Amazon’s investors got a bit of an early Christmas present this year, as a big beat on the Street earnings expectations for Q3 shot the stock price way up in after-hours trading.
Q3 is normally a heavy investment period for Amazon, leading into the always active Q4 holiday rush, so analysts were expecting smaller profits. But North American sales growth was strong, as were Amazon Web Services – and both were enough to blunt the Q3 spending blues, offering a nice lead-in to a strong outlook for the upcoming end of the holiday quarter and year.
By The Numbers
Revenue increased 34 percent year-on-year, thanks to $1.3 billion in sales from Whole Foods. Sales in North America increased 35 percent year-on-year to $25.4 billion during Q3.

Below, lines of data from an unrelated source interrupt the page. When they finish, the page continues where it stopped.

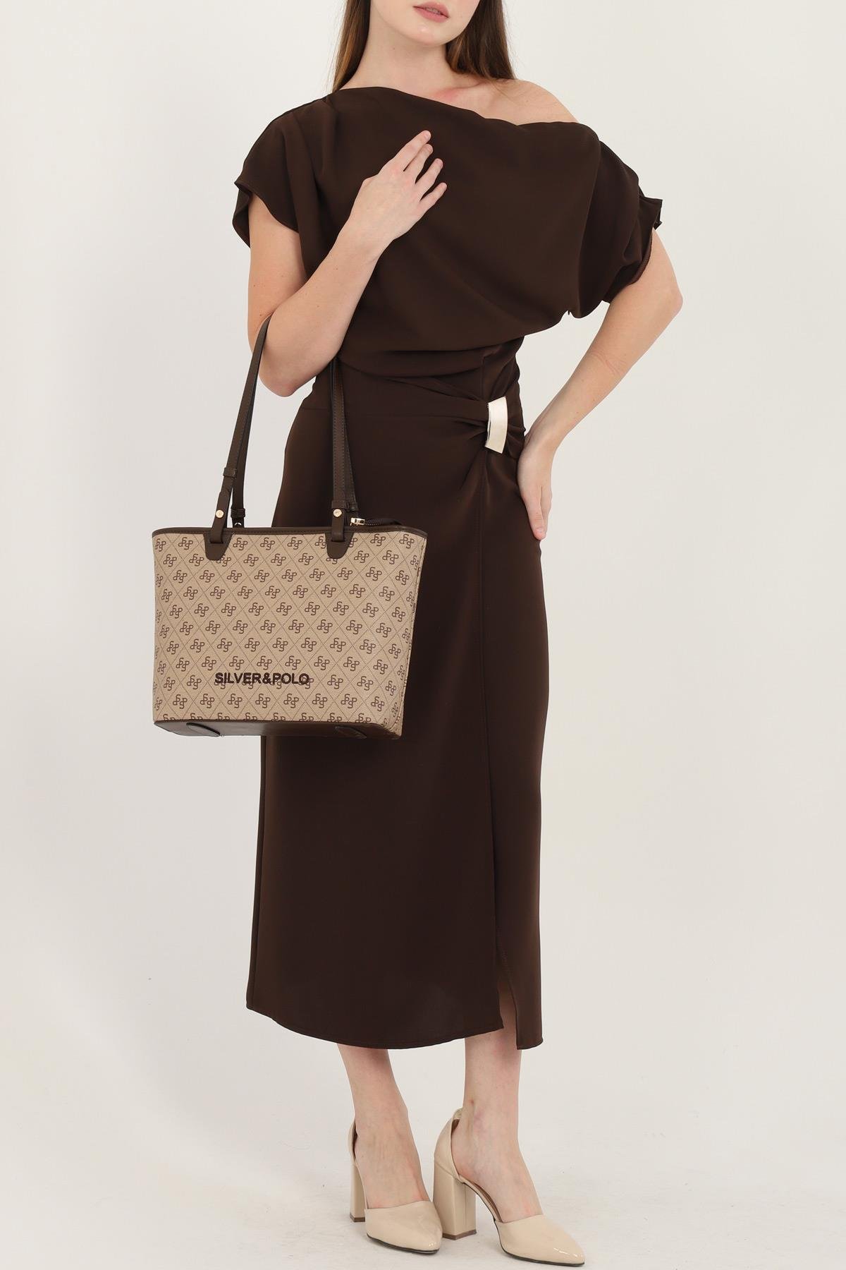 Silver & Polo Koyu Bej - Kahve SP1204 Kadın Omuz Çantası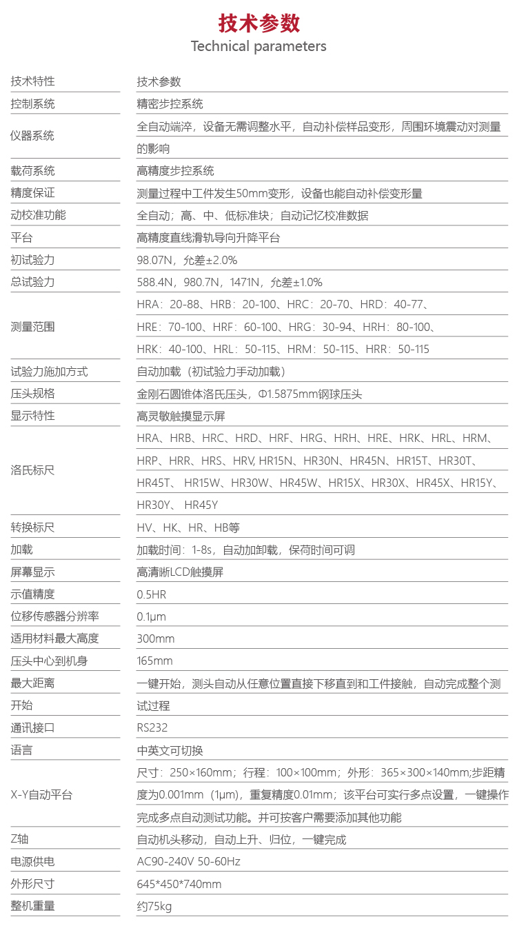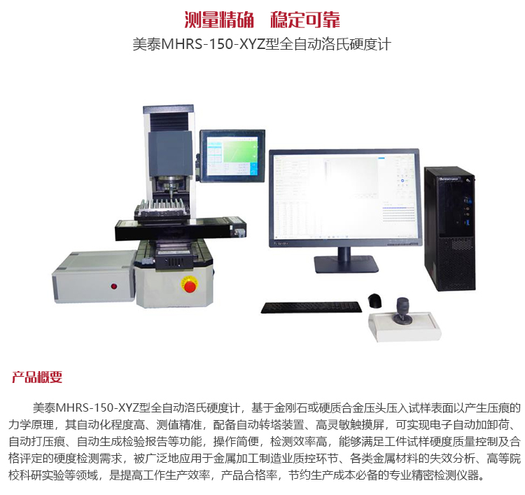 美泰MHRS-150-XYZ型全自動洛氏硬度計,基于金剛石或硬質(zhì)合金壓頭壓入試樣表面以產(chǎn)生壓痕的力學原理,其自動化程度高、測值精準,配備自動轉(zhuǎn)塔裝置、高靈敏觸摸屏,可實現(xiàn)電子自動加卸荷、自動打壓痕、自動生成檢驗報告等功能,操作簡便,檢測效率高,能夠滿足工件試樣硬度質(zhì)量控制及合格評定的硬度檢測需求,被廣泛地應用于金屬加工制造業(yè)質(zhì)控環(huán)節(jié)、各類金屬材料的失效分析、高等院??蒲袑嶒灥阮I域,是提高工作生產(chǎn)效率,產(chǎn)品合格率,節(jié)約生產(chǎn)成本必備的專業(yè)精密檢測儀器。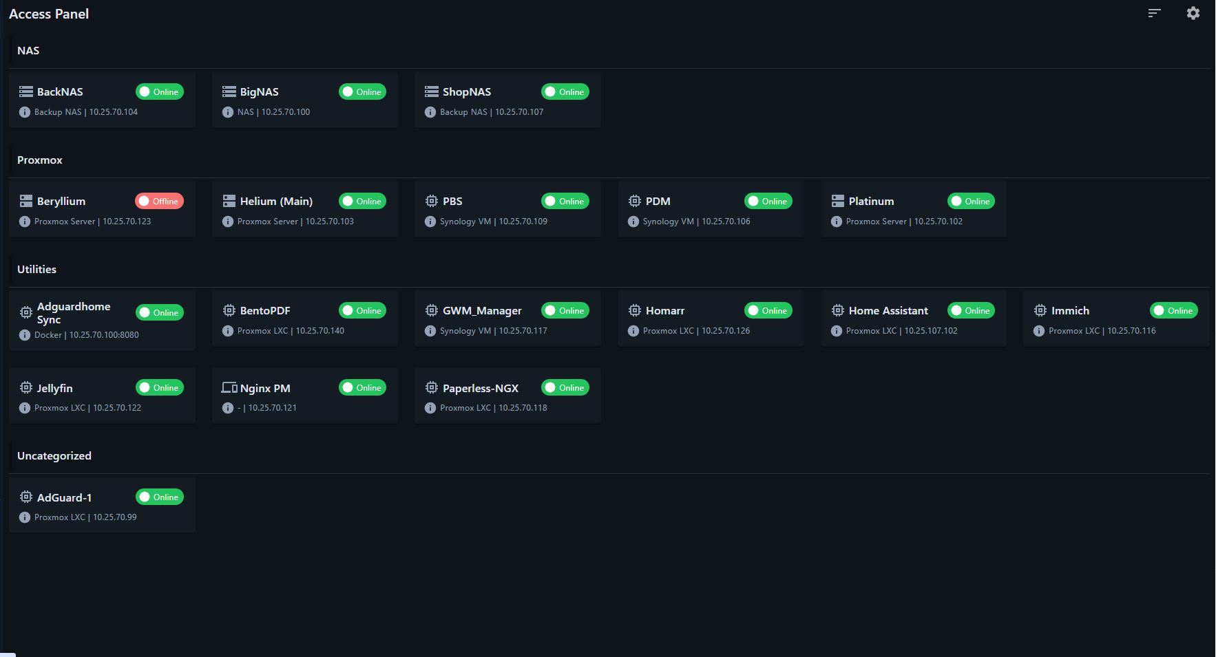 Tiled access panel to allow easy access to clients and devices. Each client/device can have an access link (URL) set. If a a client/device has an access link set, it will show on the access panel page. The access panel page is customizable and can be arranged by access categories.

Amazon Web Services posted another quarter as the firm’s cash engine, with a 42 percent jump in sales to $4.58 billion, topping analysts’ estimates of $4.5 billion in sales.
However, Amazon’s profit margins remain thin. Operating profits dipped 40 percent to $347 million, as investment ramped up. That brought the operating margin to 0.8 percent, the lowest it’s been since September 2014.
Amazon also noted that it has added 160,000 employees in the last three months (roughly 87,000 from Whole Foods) in preparation for the holiday season. Speaking of the holiday season, Amazon is feeling very bullish with guidance for the holiday quarter ranging from $56.0 billion to $60.5 billion, in line with estimates of $58.9 billion.
On the whole, investors liked what they saw, sending the stock price up 7 percent to over $1,040 a share.
The Highlight Reel
Though Amazon had no specific numbers to share on how many of its Echo devices it sold last quarter, the recent expansion of AI-powered smart speakers played a starring role in the earnings report.
“In the last month alone, we’ve launched five new Alexa-enabled devices, introduced Alexa in India, announced integration with BMW, surpassed 25,000 skills, integrated Alexa with Sonos speakers, taught Alexa to distinguish between two voices and more,” said Amazon CEO Jeff Bezos. “Because Alexa’s brain is in the AWS cloud, her new abilities are available to all Echo customers, not just those who buy a new device.”
Bezos also highlighted Amazon’s recent tie-in with Microsoft – which will allow Alexa and Cortana to interact – as well as its coming expansion into Japan and its voice calling features.
Bezos was also quick to point out that Echo and Alexa “is working.” In the closest thing we’ll get to a number, he said that Amazon customers have purchased tens of millions of Alexa-enabled devices and given Echo devices over 100,000 five-star reviews. He also remarked that active customers have increased by more than five times year over year, emphasizing that the Alexa experience “will continue to get even better” as developers and hardware makers flock to her ecosystem to develop new skills.
Amazon’s expansion into the physical retail world also merited some mention by the firm, for both its purchase of Whole Foods and commitment to “the vision of making high-quality, natural and organic food affordable for everyone.” Another highlight was Amazon’s 12 physical bookstore locations, with “more stores planned, including Walnut Creek, CA, Washington, D.C. and Austin, TX.”
The Five Killer Stats
$43.7 billion: Total Q3 sales (35 percent increase)
$26.4 billion: Net sales for online stores (22 percent increase)
$7.9 billion: Net sales for third-party seller services (up 40 percent year-on-year)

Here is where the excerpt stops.